We’re actually panicking now because it seems that all these pups online are getting taken so quickly. Just this morning, there was a red female pup that was exactly £1500 from a licensed breeder (we were ecstatic) and raised with other pet dogs. the ad was uploaded 5 minutes ago and I called but she had already been taken. 

We’re about to visit a toy poodle breeder today but we’re not quite sure. The dad is KC registered and has multiple health checks done and the mum is pra checked. however, dad is 11 inches and mum is 10 inches. I’m guessing dad just grew over the toy poodle height limit as he’s registered as a toy poodle. Obviously since we’re after a toy, we would prefer smaller. 
How likely do you think it is the pups will grow over the limit?

My mother is also very particular about the colour of the pup. I personally would accept any colour from a great background but my mum is a perfectionist to say the least. She wants a red pup but would accept apricot. She doesn’t want cream. But there’s another problem here. Looking at the photos online, I’m assuming these breeders don’t know the true meaning of red as I see many dark apricot pups being sold as reds, and creams being sold as apricot.

I want this poodle to be perfect for my mum as she talks about how it’ll be only her and the dog once all her children grow up. I’ll attach some photos below of the puppies (the girls are the darkest pups) and please could you “judge” the colours. They’re advertised as apricot but I’m not too sure if that’s correct...

Last thing, do you think I’m rushing into this?
The pups are only a week old and you have to pay an non refundable deposit to reserve. Under normal circumstances we would only pay after around 6 weeks where we get a grasp of the puppy’s personality but the best we can do is meet the mother, check her build, the papers and her temperament. 

I guess you could say we’re anxious because I feel like if I pay the deposit, somewhere over the 8 weeks, a perfect, red toy with the best background will pop up but we can’t get her because of the deposit. But then I also feel like if I pass on this litter, i’ll constantly be looking for the “perfect pup” which might not come in time. (This pup is a birthday gift for my mother whose birthday is in late June). And even if it does (like the one this morning) it will be taken by others...
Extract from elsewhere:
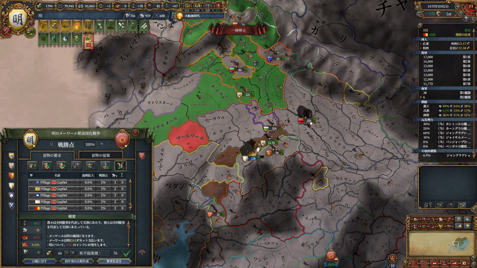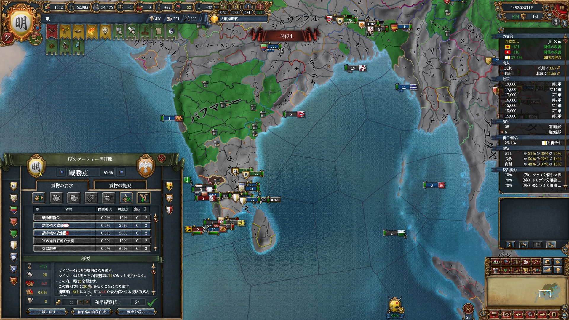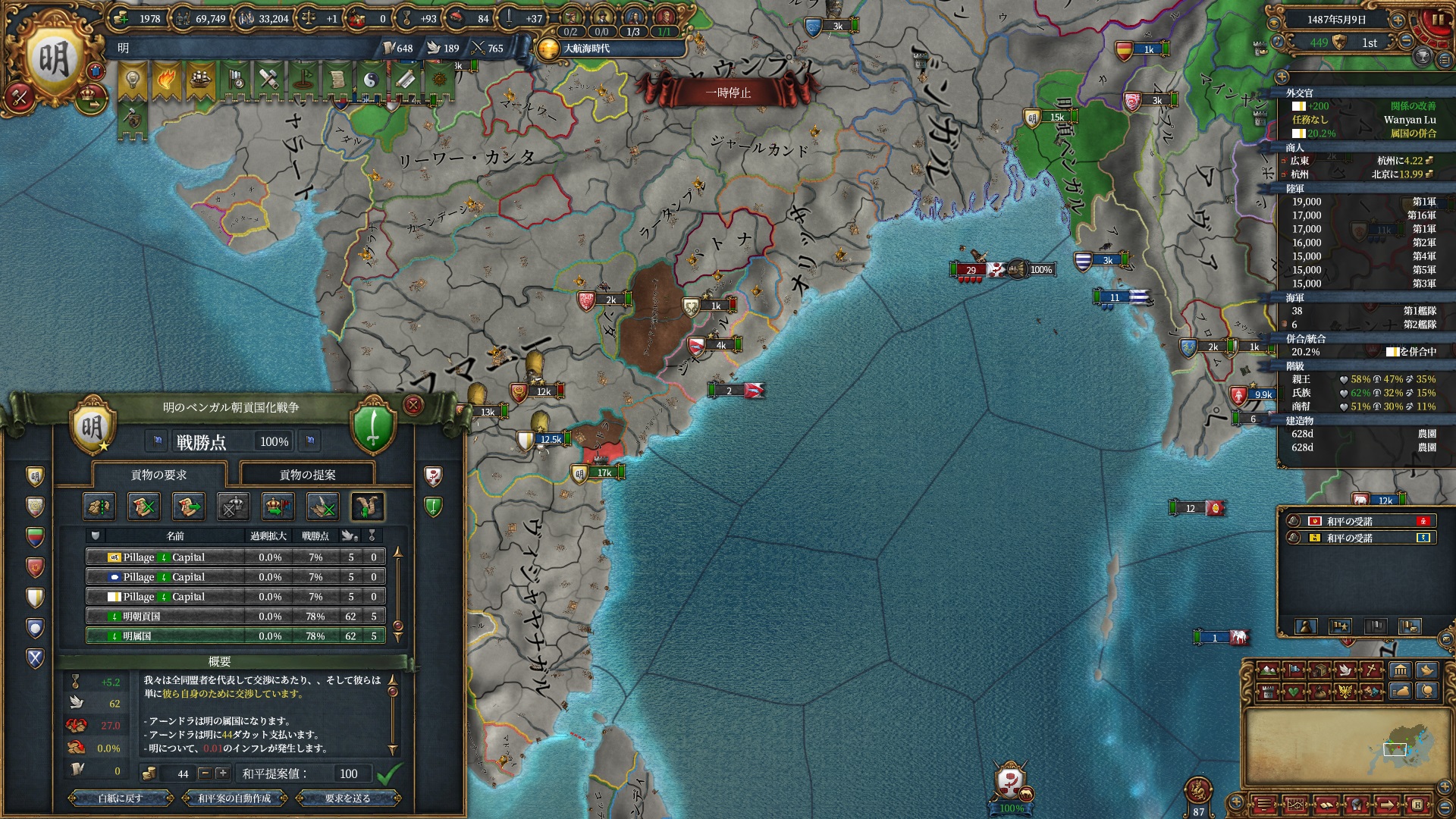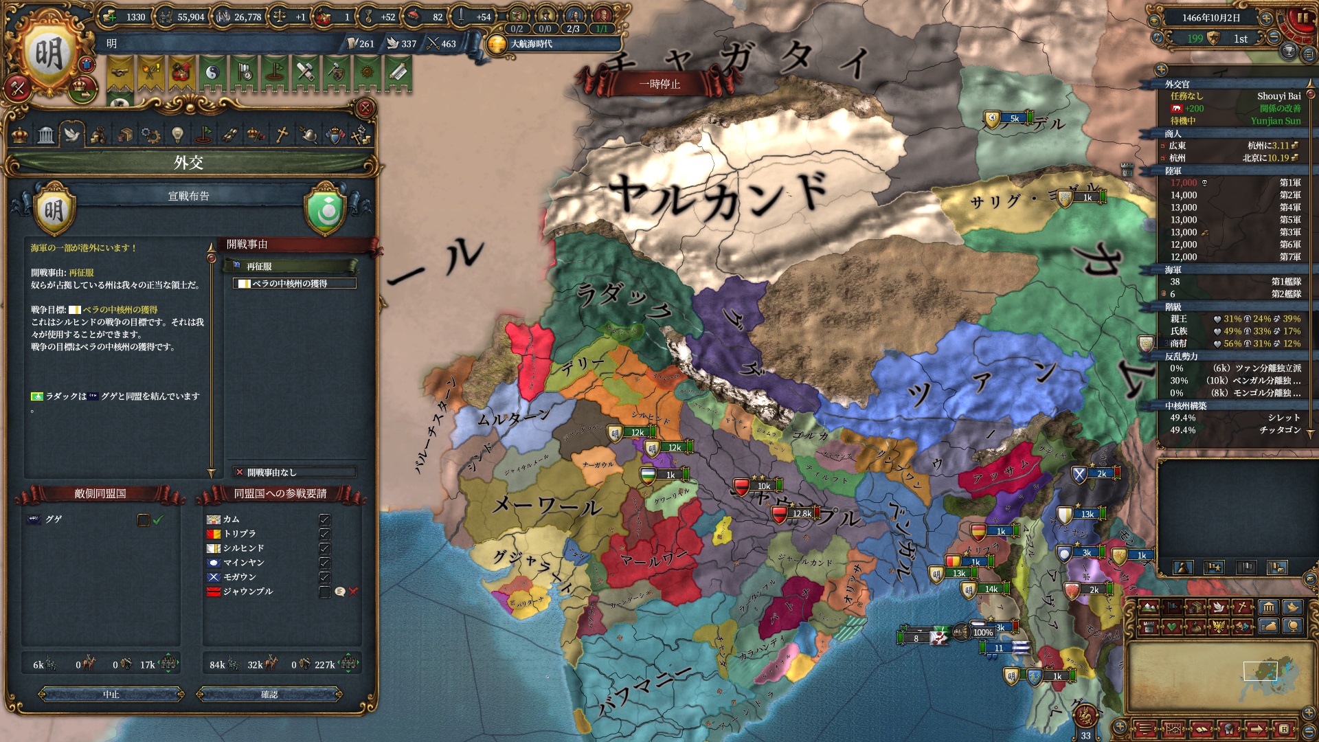 属国コアに隣接している州はコア化出来るようになるので一気にベンガル湾を制圧にかかります。

I’m so sorry this is so long but I’d truly appreciate any advice.
here are some pics of the litter we’re considering:


----------



## Sraholiv (May 10, 2020)

Also forgot to mention but dad is a red poodle (An actual red) with brown nose and mum is white with black nose.


----------



## PeggyTheParti (Sep 5, 2019)

I can feel your excitement, but why the rush?

If I were you, and based on what I've learned from my own experiences, I'd focus my attention on finding the perfect breeder rather than the perfect puppy and put down a deposit on a future litter.


----------



## cowpony (Dec 30, 2009)

I'm not surprised you are having trouble. In normal times sought after breeders often take deposits before the dogs are even bred. Toys and minis typically produce small litters, so its not unusual for a well regarded breeder to have sold every pup before the litter is even born. $2000 is a normal price in my area for registered standard poodle puppies from fully health checked parents; I'm not up to date on UK or toy prices. Due to covid quarantining, there's a bit of a puppy shortage right now. Lots of people have decided to get a dog, since they are stuck at home anyway.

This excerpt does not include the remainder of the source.